2. «Разные звери в божьем зверинце»


   Это немецкая поговорка. Она все время приходила мне в голову при знакомстве с окружающими попутчицами, путешественницами из седьмого вагона. Кого только не было тут!
   Утро в вагоне началось очень рано. Навыки, привитые Ярославкой, сильнее любой усталости. И когда Таня Станковская села на своей верхотуре, стукнувшись седой всклокоченной головой о потолок, и гаркнула: «Подъем!» — никто уже не спал.
   Возбуждение немного улеглось. Протрезвевшими глазами оглядывались вокруг. Кое-кто узнавал лица, запомнившиеся в Бутырках. Нашлись даже знакомые по воле. Староста Фиса Коркодинова уже раздала хлеб с довесками, аккуратно приколотыми щепочками к основной пайке. Начинал на глазах складываться этапный быт.
   В первый день, потрясенные самим фактом движения, мы не замечали, с какой медлительностью ползет поезд. Сейчас почувствовали.
   — Точно замедленная киносъемка.
   — Вроде кибитка с декабристками продвигается…
   Вагон скрипел, выворачивая душу. Колеса тарахтели и, главное, шли не ритмично, толчками, от которых проливалась драгоценная влага в кружках. Останавливались то и дело на станциях, полустанках, а часто и в чистом поле, чтобы конвой мог пройти по вагонам для раздачи пищи, для проверок. Вчерашние одиночницы с радостью восстанавливали памятные по Бутыркам приемы организации камерной жизни. Дежурные, дневальные. Очередь на глядение в крошечное зарешеченное окошко.

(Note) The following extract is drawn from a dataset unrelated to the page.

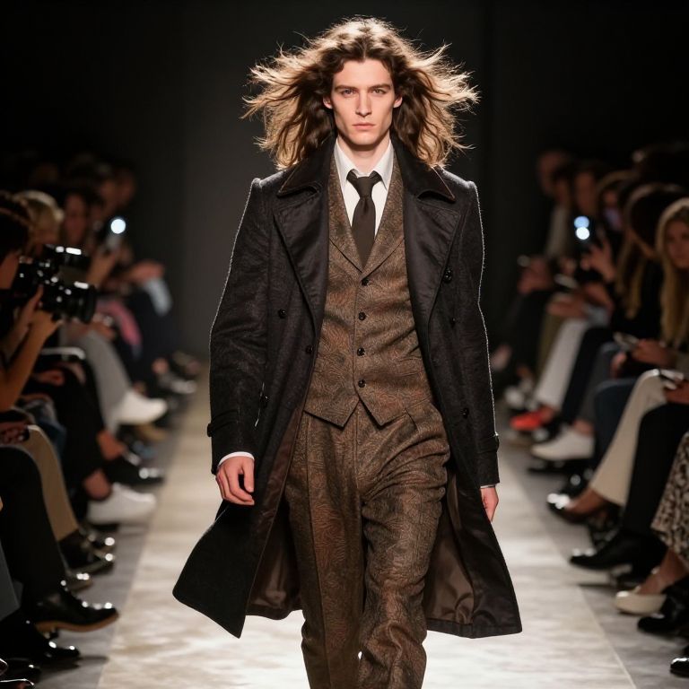 Photograph of a male model on a runway, wearing a dark brown three-piece suit with a white shirt and black tie, paired with a long, black, slightly shiny overcoat. He has long, wavy brown hair that flows as he walks. The background is dark, with blurred audience members seated on both sides, some taking photos. The runway is brightly lit, highlighting the model's intense gaze and the texture of his suit. The overall style is elegant and slightly edgy.

   Анне Шиловой, агроному из Воронежской области, эту очередь многие уступали. Пусть хлеба посмотрит. Знаете, как у нее сердце по хлебам истосковалось!

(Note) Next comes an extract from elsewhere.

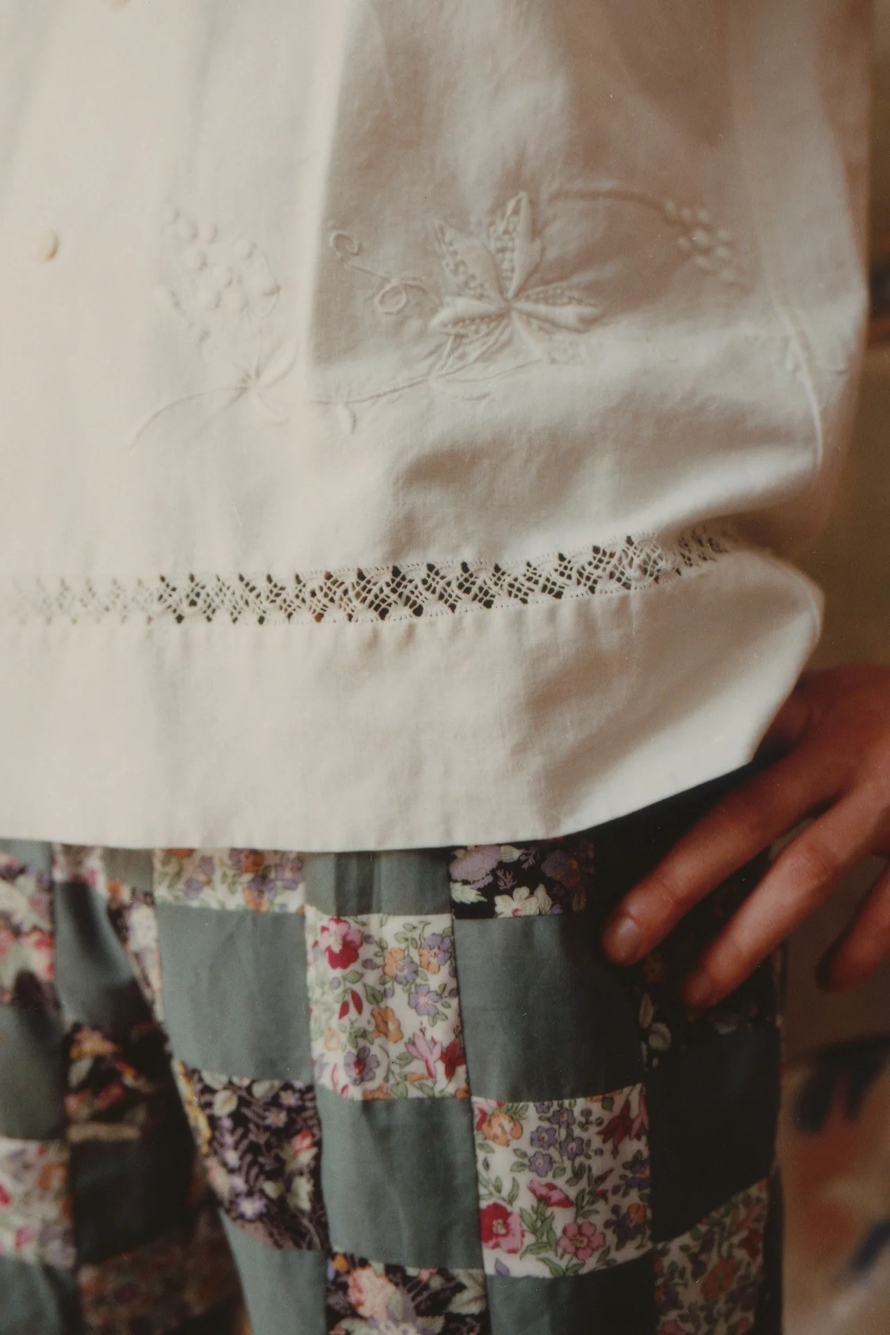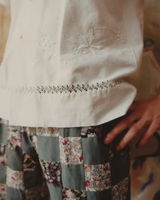 무려 빅토리아 시대의 퀼트, 1920년대의 리넨, 테리 클로스, 미국 퀘이커 사의 레이스 테이블 보, 손수건, 침대 덮개, 담요, 배지, 삼각기, 기모노 자수 등 에밀리 보디의 빈티지/데드 스톡 패브릭 아카이브는 깊이 있고 다채롭다. 그리고 그것들은 필연적으로 개별적인 역사와 고유의 스토리를 지니는데, 그녀는 이러한 소재에 수공예 의상 제작 기법을 접목해 브랜드 창립 초기 세상에 단 하나뿐인 아이템들을 만들어냈다. 다만 그것들이 현대적이고 지속 가능한 공정을 거칠 수 있도록 했다.

   Аня из тех, кто неладно скроен, да крепко сшит, — небольшая, коренастая, сгусток энергии, щурит глаза, снисходительно улыбаясь.
   — Ох уж хлеба здешние! Посмотрели бы, что сейчас под Воронежем у нас в это-то время!
   А Таня Крупеник, милая Таня, живое воплощение Украины, карие очи, черные брови, — восклицает:
   — Подумать только, Анька! Скоро работать будем! Мы с тобой тут самые счастливые — агрономы. Только нам да еще, может, доктору Муське дадут работать по специальности. Гуманитариям-то нашим хуже… Не дадут им по специальности…
   — Откуда у вас такие точные сведения? Никто из нас еще в лагере не был…
   Это Софья Андреевна Лотте — ленинградский научный работник, историк Запада. Она выделяется на общем серо-коричневом фоне своим внешним видом. Единственная из семидесяти шести она не в ежовской формочке. На ней обтрепанная, но собственная, ленинградская вязаная кофточка, черная юбка. Из-за этого к ней относятся настороженно, хотя, казалось бы, что можно подозревать при одиночном режиме?
   — Да, конечно, — подхватывает реплику Лотте Нина Гвиниашвили, художница Тбилисского театра имени Руставели, — конечно, никто из нас еще там не был… Вполне возможно, что вам, товарищ Лотте, приготовлена там кафедра. Будете белым медведям читать историю чартистского движения в Англии.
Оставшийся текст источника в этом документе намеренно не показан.